Listen. There’s basically a 100% chance that anything Kate Elliott calls “effortlessly fascinating” is going to be wonderful, so it’s no surprise that this pair of novellas by J.Y. Yang are pretty close to perfect. Yang has crafted a meticulously beautiful fantasy world that cleverly melds science and magic together with a central sibling relationship that sustains the heart of both books. Much will surely be made of Yang’s treatment of gender and sexuality, and any accolades on that score are well-deserved; in Yang’s Protectorate, sexuality is fluid and gender is self-chosen, confirmed or not as the individual decides, and gender-neutral pronouns are commonplace.

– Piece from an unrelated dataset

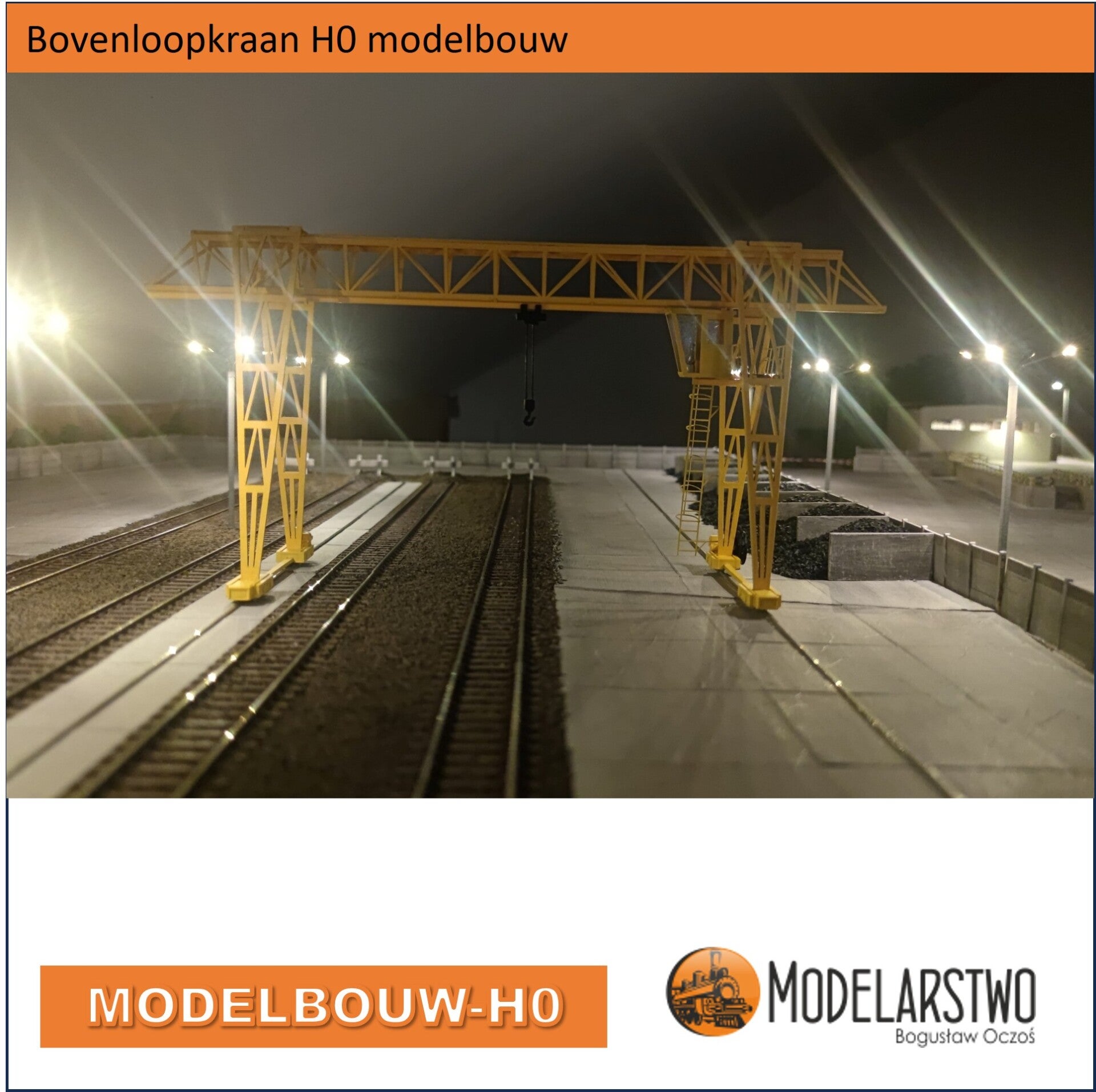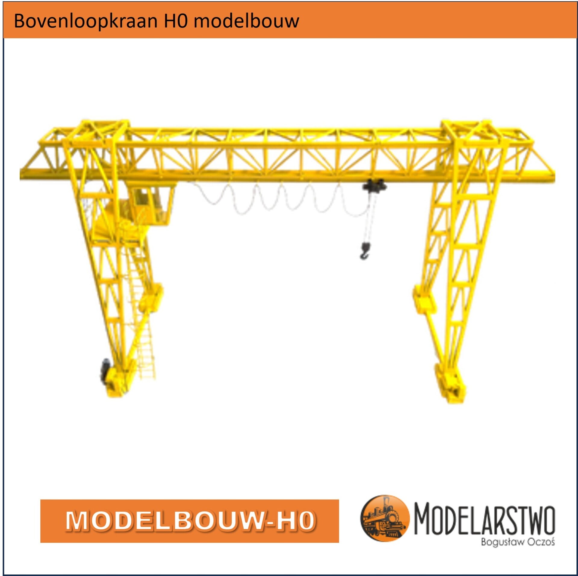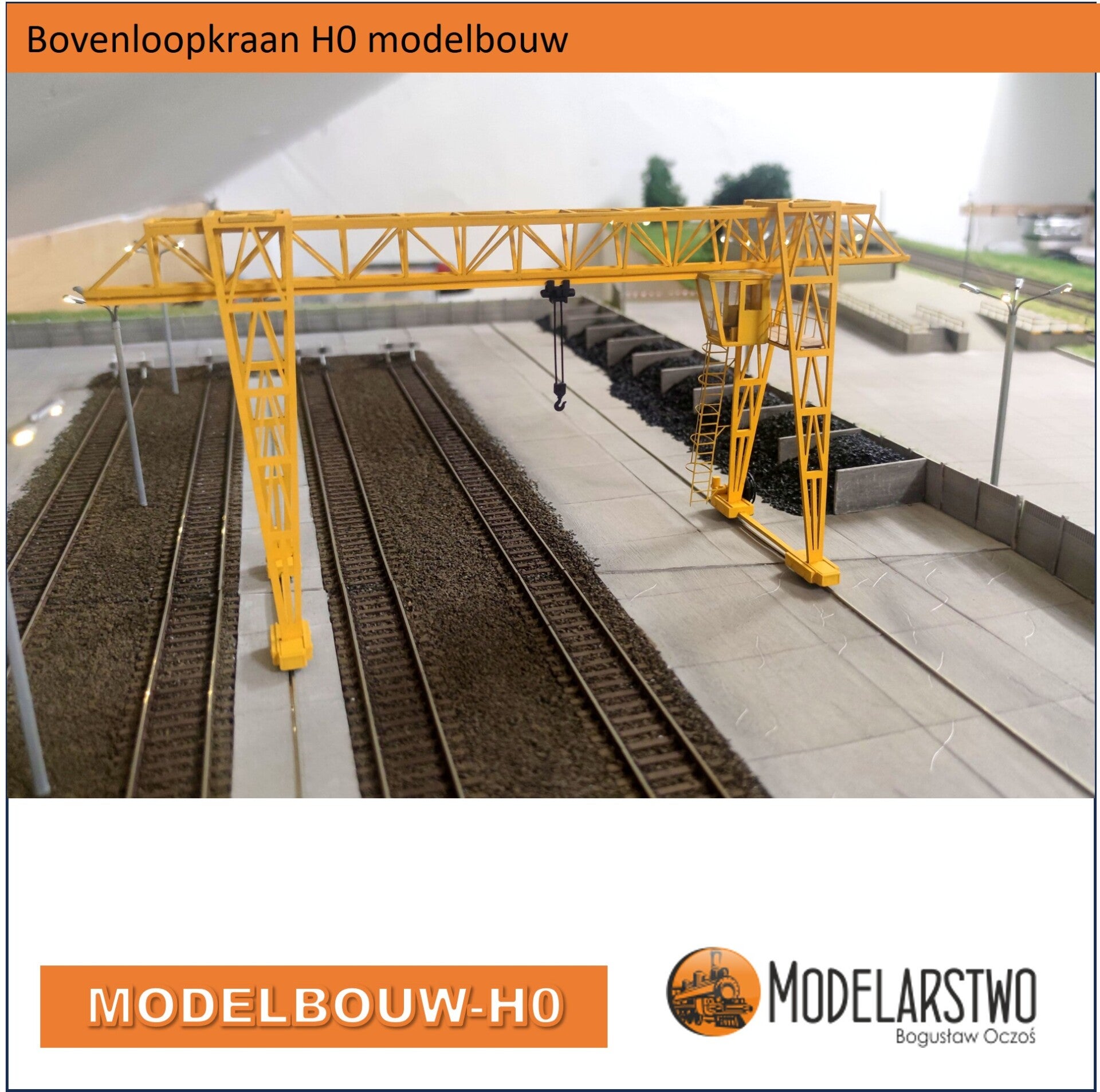 Een geweldige bouwdoos deze bovenloopkraan, gemaakt van hars, multiplex, spaanplaat, ABS-profiel en messing staaf gemaakt, het in elkaar zetten is zeker niet ingewikkeld. Met wat geduld en eigen inbreng maakt u een schitterende Bovenloopkraan voor uw treinbaan.

That said, Yang’s worldbuilding in general is marvelously executed, and they do a great job of managing the expansion of the world readers are exposed to between The Black Tides of Heaven, which really ought to be read first even if the books are being sold as standalone companions, and The Red Threads of Fortune, which takes place several years later and has an emotional arc that provides a resolution to a major subplot in Tides, albeit from a different perspective. That said, there’s really no wrong way to enjoy such a marvelously balanced mix of magic, romance, revolution and dinosaurs.

The Black Tides of Heaven and The Red Threads of Fortune will both be out September 26.